Event details

Theory and practice of innovation: Different perspectives under the same name

Venue: Seminar Room, Institute for New Economic Thinking, Eagle House, Walton Well Road, Oxford. OX2 6ED 
T: +44 (0)1865 616600 


Giacomo Zanello
Technology and Management Centre for Development, Oxford Department of International Development

Louise Bloom
Humanitarian Innovation Project, Refugee Studies Centre, Oxford Department of International Development

Hyejin Youn
Institute for New Economic Thinking at Oxford Martin School, Mathematical Institute

To learn more about the speakers please visit http://hyoun.me/events/diverse_innovation/#speakers


The roundtable is scheduled to last two hours. After introductions from all attendees, three speakers will introduce how innovation has been studied from three different disciplines: humanitarian studies, economics, and mathematics. Afterward, ample time will be given for discussion and contributions from attendees.

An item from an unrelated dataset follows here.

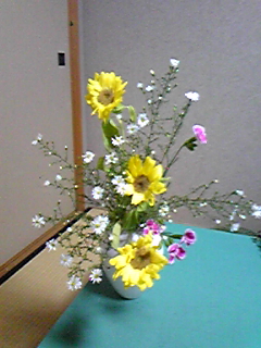 昨日(29日)のお稽古のお花です。 (花材)クジャクソウ・ヒマワリ(新種)・ナデシコ先生宅でお稽古させていただいた 出来上がりはこんな感じ↑ 家で生け直したら ↑こんな感じ・・・後ろにあるグリーンが じゃまでウルサイ・・・お稽古の花器と家にある花器の形が全然違うので もう少しアレンジできればいいんだけどさっ何年やってても よくわからない・・・先生が教室を開かれた時から 8年間いっしょにお稽古してたご近所さんが「色々 一杯いっぱいで・・・」と辞められました。高校1年と中学1年の男の子さんがいらっしゃる 方で・・・最近 息子たちの反抗期に翻弄されてるようでした。遠回しに・・・「子供はそのうち大きくなって出ていったら 何もなくなるよ?自分に投資しなきゃ・・・」・・・そう 話したところだったのになぁ~そういう私も一度 先生に迷惑かけたクチですが・・・辞めるのは簡単だけど 続けることが 難しい・・・せっかく 続けてるんだから 生きてる間はお付き合いしたいです お花 と・・・

  • 15 minutes - introductions from all participants and attendees
  • 60 minutes - three presenters on their topics will speak for 20 minutes each
  • 45 minutes - discussion

About the workshop

Understanding innovation -- where it comes from and how and why it takes place -- is a general and ubiquitous question, in a variety of guises, in many disciplinaries ranging from economics, business management, social studies, behavioural science, evolutionary biology, and mathematics, to name a few. Counter to the practice of innovation, research in this field is kept in ‘black boxes’ with little cross-pollination and sharing of ideas. The workshop takes an open innovation approach and aims to bring the accumulated insights and available expertise present in The University of Oxford, and initiate a platform/environment to support young researchers to share practices and ideas towards an overarching framework for innovation. We invite participants from a large diversity of scientific communities.

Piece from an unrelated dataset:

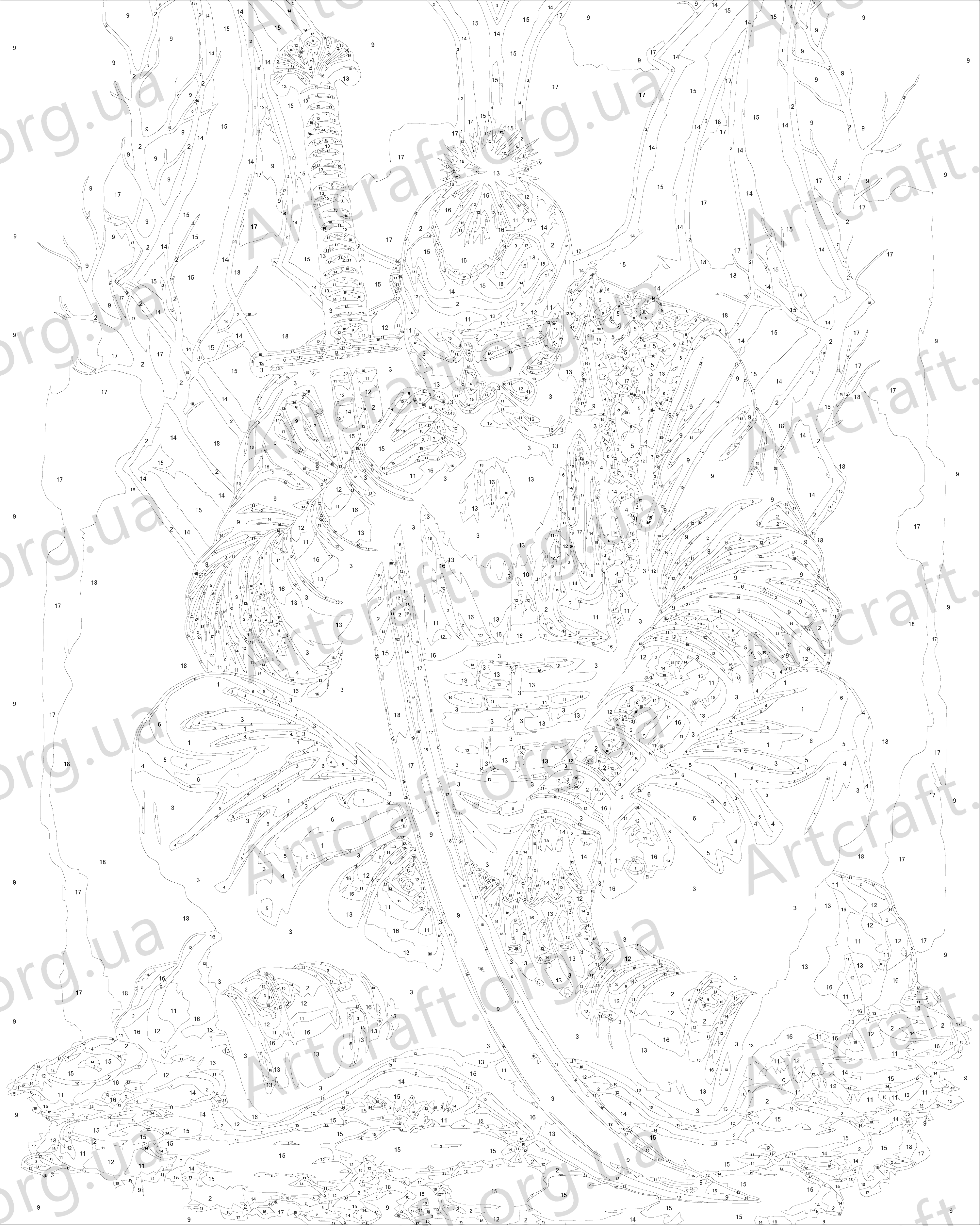 1. Полотно на дерев'яному підрамнику з нанесеними контурами та цифрами. Поєднання збалансованого складу полотна на бавовняній основі, спеціально розробленого акрилового грунту та механічна натяжна – гарантує пружність полотна та стійкість до провисання.

Potential questions include, but not limited to:

  • What are the interpretations and implications of “innovation” in your domain of research?
  • How is innovation (or the process of innovation) identified and quantified in your research?
  • What are the most important big questions regarding innovation in your field? and what are the challenges?

To start a lively discussion, we have a few speakers from diverse backgrounds to share their works on innovation. The roundtable will open up interactive discussions and act as an opportunity for cross-disciplinary learning and interaction around methods of innovation thinking.

Please bring with your thoughts and discussion points.